The main enemies of the larvae of either antlions or wormlions are ground-hunting birds such as hoopoes and gallinaceous birds that learn to recognise their pits and probe or scratch them from the sand. If alarmed by such activity, the wormlion larva retracts abruptly into an S-shape under the sand, and if dug out, it retains that shape, not having much option for an alternative strategy at its disposal. Actually, because its skin is coated with sand, and it is very small, it is very easy to overlook while it lies still.
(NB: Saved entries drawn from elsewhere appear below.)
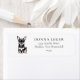 Niedliche, glückliche, lächelnde Chihuahua Hundeillustrierung. Bereit, Ihren personalisierten Namen und Ihre Adresse mit einem modernen Schriftart hinzuzufügen. Einfaches und Minimalistisches Design. Tri Farbe, schwarz, tan, und weiß Chihuahua.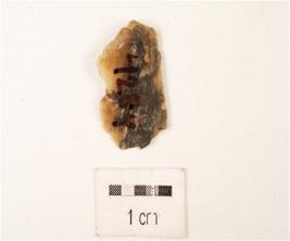 | Description / विवरण | A parallel sided blade made on chert, use wear edges, side struck, thin in character. |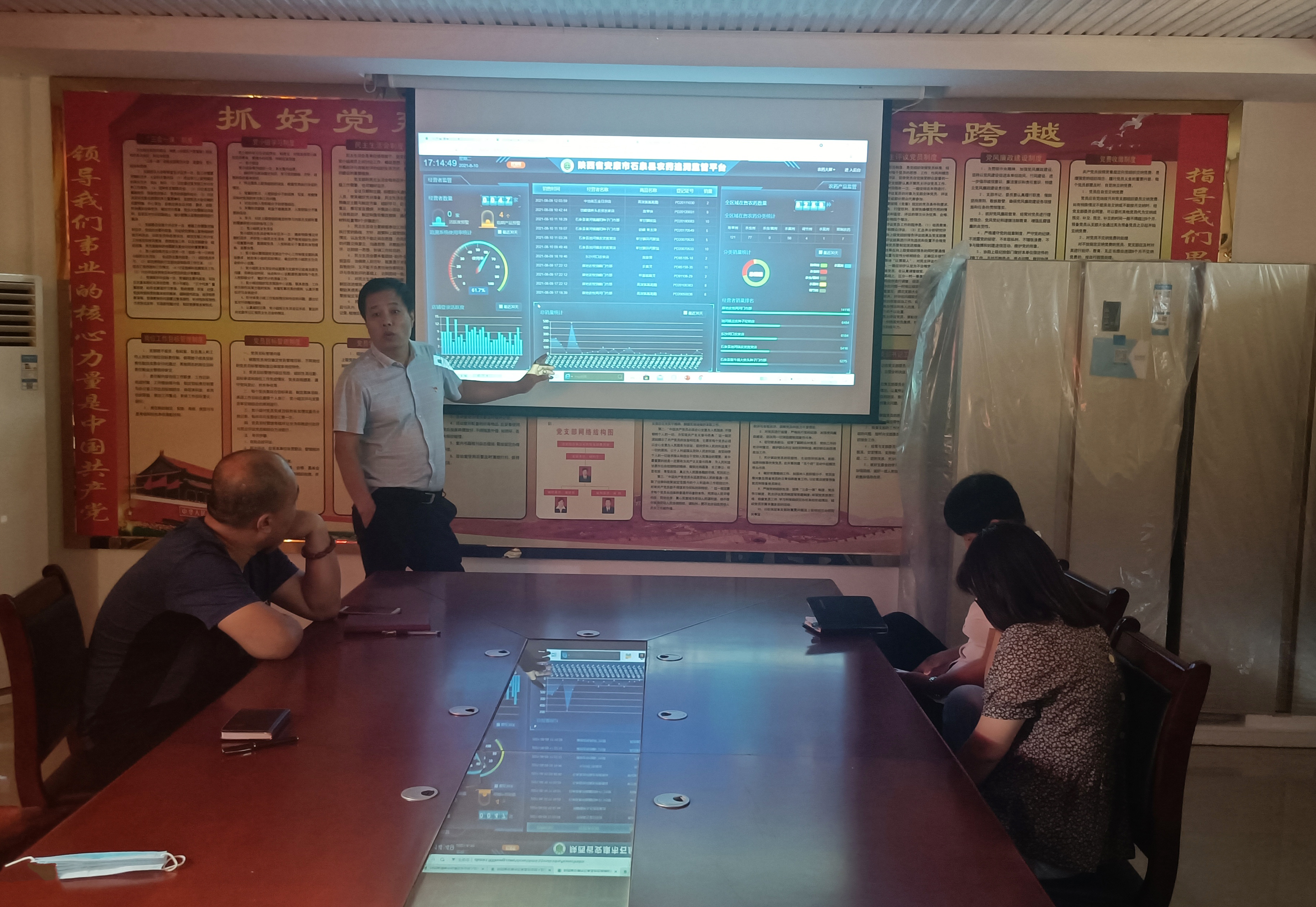 益佰农工作人员在本次培训会上详细演示了益佰农农业投入品大数据追溯平台,并对监督管理过程中所涉及的功能项:大数据追溯平台大屏看板(经营者监督管理、店铺登录活跃度、在售农药数量等)、定点经营管理、台账监督、包装物回收、双随机等进行重点说明,助力合阳县农药管理信息化转型更高效。
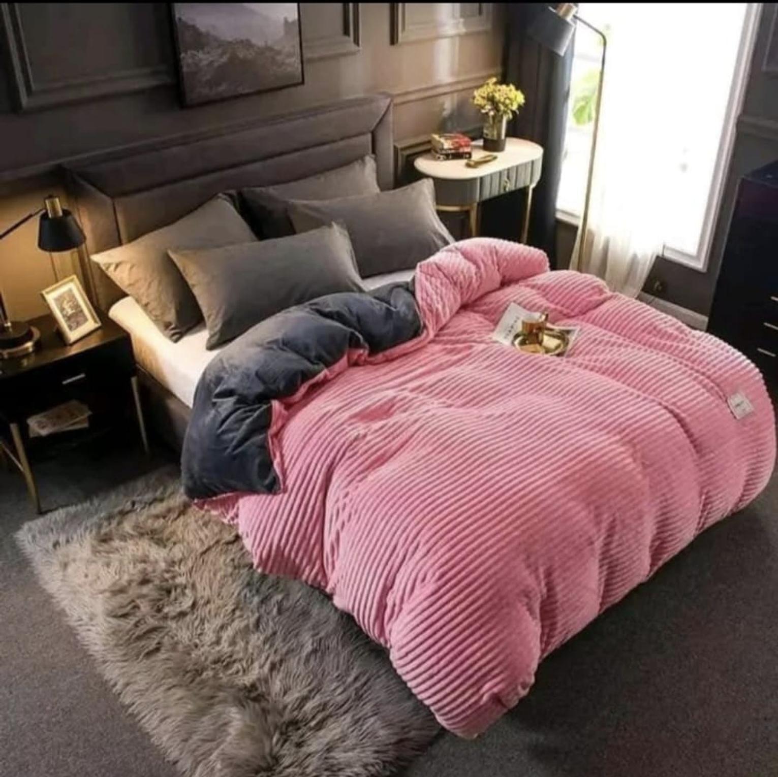 ▪️ Soft and warm velvet duvet for extra comfort ▪️ Stylish ribbed/striped texture for a modern bedroom look ▪️ Thick and cozy for colder weather ▪️ Durable and easy to maintain Set Includes: ▪️ 1 Velvet Duvet ▪️ 1 Fleece Bedsheet ▪️ 2 Pillowcases Perfect for creating a warm, elegant, and comfortable bedroom setup.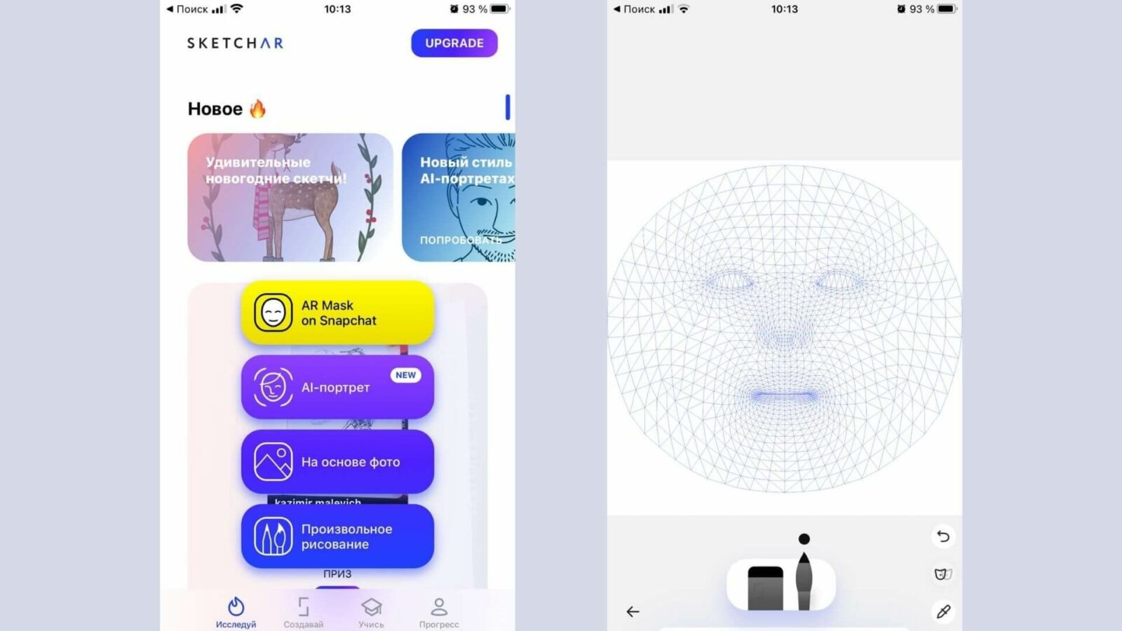 Редактор масок SketchAR позволяет создавать собственные «линзы» для Snapchat за считанные минуты. Чтобы проверить функцию, откройте приложение и нажмите кнопку «Создавай» в главном меню и выберите «AR Mask on Snapchat». Появится специальный шаблон, который можно медитативно заполнять, как картину по номерам. Затем можно попробовать маску и перенести её в Snapchat. Она также будет доступна вашим друзьям.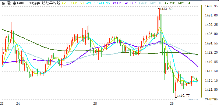 纽约时段,现货黄金则持续下跌,跌幅扩大至1%,自日高大跌逾20美元至1410.77美元/盎司。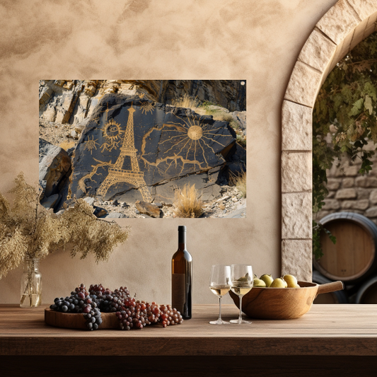 Eiffeltoren als prehistorische rotstekening tuinposter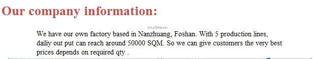 This is Ms Constance from Foshan JBN Ceramics saying hello to you, we have 13years in manufacturing and exporting tiles and mosaics. high quality and best service always our purpose. 4000sqm showroom factory located in Foshan.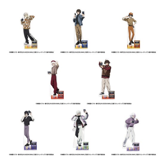 今回、販売される商品には、「撮影会」をテーマにした中島敦や太宰治の新規描き下ろしイラストを使用! 「『文豪ストレイドッグス』撮影会フェア~TAKE 1~(2025年8月9日~8月31日開催)」に登場したキャラクター達の新しいポージングのイラストが楽しめます。新商品には、「アクリルスタンド」や「キャラバッジコレクション」、「クリアポスター」など、多数のアイテムがラインナップされています。

However, if it is sufficiently teased after being dug out, it may begin to lash about powerfully, flinging itself away with enough force to escape its tormentor. It does not, however, hook its mouthparts into its hinder end to achieve an efficient leap such as some fruit fly and carrion fly larvae do.

The 10th and 11th segment of the larva each bears a transverse row of long hooklets that it uses in anchoring itself and in shifting sand. The fifth segment has a ventral pseudopod that helps to hold prey. Not having sickle jaws like an antlion, the larva grasps prey by lashing forward and catching the victim by bending the head down to catch it between its two fang-like jaws and its pseudopod.

Like antlion larvae, vermileonid larvae are primarily found in sandy habitats, often semi-deserts, usually in the shelter of rocks or bushes, and they are voracious predators.

==Classification==
The family Vermilionidae is sometimes kept separately within the infraorder Vermileonomorpha but a 2022 study placed it within the Xylophagomorpha as a sister group of the Xylophagidae.